A sua caneta não pode tudo. Ela não impede que seus filhos sejam investigados por deslavada confusão entre o que é público e o que é privado. Não transforma o filho, arauto da ditadura, em embaixador nos Estados Unidos.

Sua caneta não tem o dom de transmitir aos cidadãos os caprichos da sua vontade e de seus desejos primitivos. O império dos sentidos não preside a vida republicana.

Quando a Constituição afirma que a legalidade, a impessoalidade e a moralidade governam a administração pública, não se trata de palavras lançadas ao vento numa “live” de rede social.

A Carta equivale a uma ordem do general à sua tropa. Quem não cumpre deve ser punido. Descumpri-la é, por exemplo, afastar o fiscal que lhe aplicou uma multa. Retaliar a imprensa crítica por meio de medidas provisórias.

Ou consignar em ato de ofício da Presidência a discriminação a um meio de comunicação, como na licitação que tirou a Folha das compras de serviços do governo federal publicada na última quinta (28).

Igualmente, incitar um boicote contra anunciantes deste jornal, como sugeriu Bolsonaro nesta sexta-feira (29), escancara abuso de poder político.

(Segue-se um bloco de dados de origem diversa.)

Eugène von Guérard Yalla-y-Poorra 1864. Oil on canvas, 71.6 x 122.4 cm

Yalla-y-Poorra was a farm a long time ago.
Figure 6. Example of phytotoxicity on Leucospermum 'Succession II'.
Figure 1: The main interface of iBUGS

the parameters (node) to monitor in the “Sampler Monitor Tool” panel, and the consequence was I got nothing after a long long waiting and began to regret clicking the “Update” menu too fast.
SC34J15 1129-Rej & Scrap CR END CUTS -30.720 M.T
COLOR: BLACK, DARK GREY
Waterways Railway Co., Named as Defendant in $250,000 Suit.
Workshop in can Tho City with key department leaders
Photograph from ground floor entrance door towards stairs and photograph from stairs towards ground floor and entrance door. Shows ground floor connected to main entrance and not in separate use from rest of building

A questão não é pecuniária, mas de princípios. O governo planeja cancelar dezenas de assinaturas de uma publicação com 327.959 delas, segundo os últimos dados auditados. Anunciam na Folha cerca de 5.000 empresas, e o jornal terá terminado o ano de 2019 com quase todos os setores da economia representados em suas plataformas.

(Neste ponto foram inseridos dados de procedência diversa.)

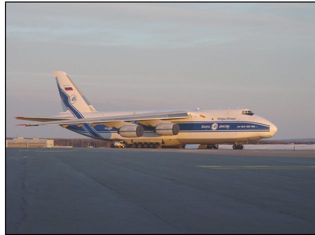
Photo 1. AN 124-100, registration RA-82078

The Volga-Dnepr Airlines Flight 2100 (VDA 2100) had departed Greer, South Carolina, United States, at 2236 Newfoundland daylight time. 1 The en-route portion of the flight was uneventful. Before descent into Gander, it had been decided to approach and land on Runway 03/21, the longer of the two available runways. The Volga-Dnepr Airline crews, who were frequent visitors to Gander, usually used the longer runway if conditions permitted.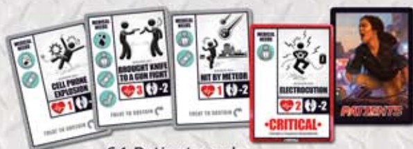
64 Patient cards

2 Extra Cabinets, 1 Medevac, 1 Hand Upgrade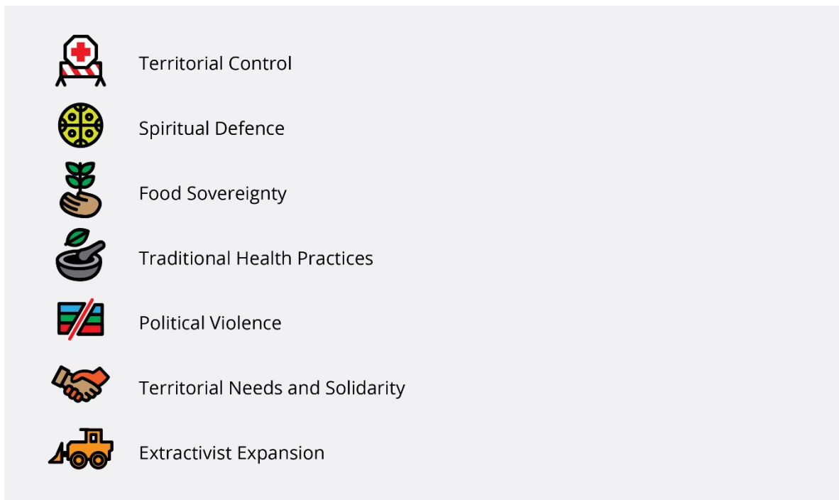
Figure 1. Mapping categories and icons. Icon design by Sergio Iacobelli

independent news site such as El Ciudadano and El Mostrador . Between July and August 2020, we published the updated dataset once a week on the Mapuexpress website.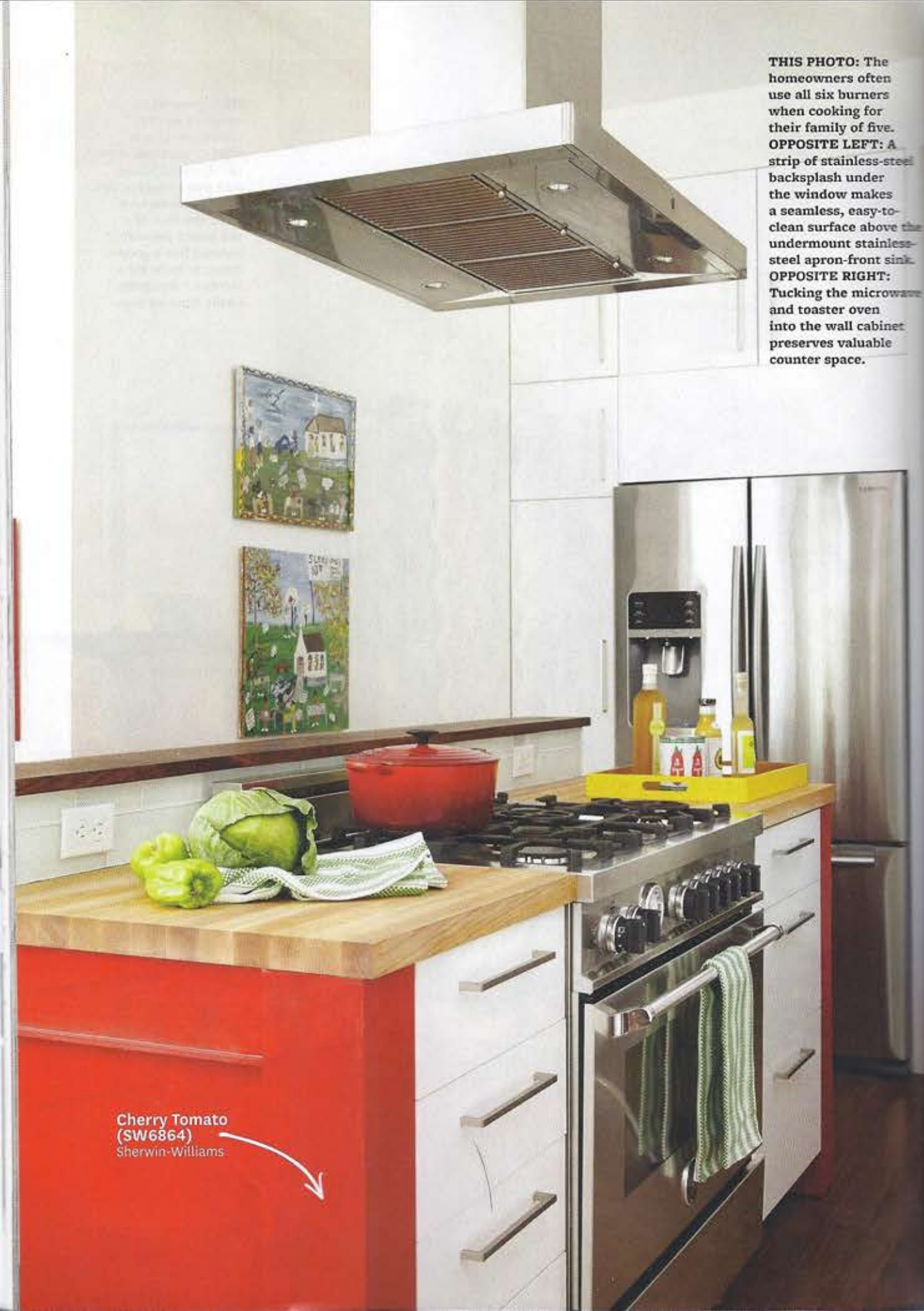
THIS PHOTO: The homeowners often use all six burners when cooking for their family of five. OPPOSITE LEFT: A strip of stainless-steel backsplash under the window makes a seamless, easy-to-clean surface above the undermount stainless-steel apron-front sink. OPPOSITE RIGHT: Tucking the microwave and toaster oven into the wall cabinet preserves valuable counter space.

Prestes a completar cem anos, este jornal tem de lidar, mais uma vez, com um presidente fantasiado de imperador. Encara a tarefa com um misto de lamento e otimismo.

Lamento pelo amesquinhamento dos valores da República que esse ocupante circunstancial da Presidência patrocina. Otimismo pela convicção de que o futuro do Brasil é maior do que a figura que neste momento o governa.

Jair Bolsonaro não entende nem nunca entenderá os limites que a República impõe ao exercício da Presidência. Trata-se de uma personalidade que combina leviandade e autoritarismo.

Será preciso então que as regras do Estado democrático de Direito lhe sejam impingidas de fora para dentro, como os limites que se dão a uma criança. Porque ele não se contém, terá de ser contido —pelas instituições da República, pelo sistema de freios e contrapesos que, até agora, tem funcionado na jovem democracia brasileira.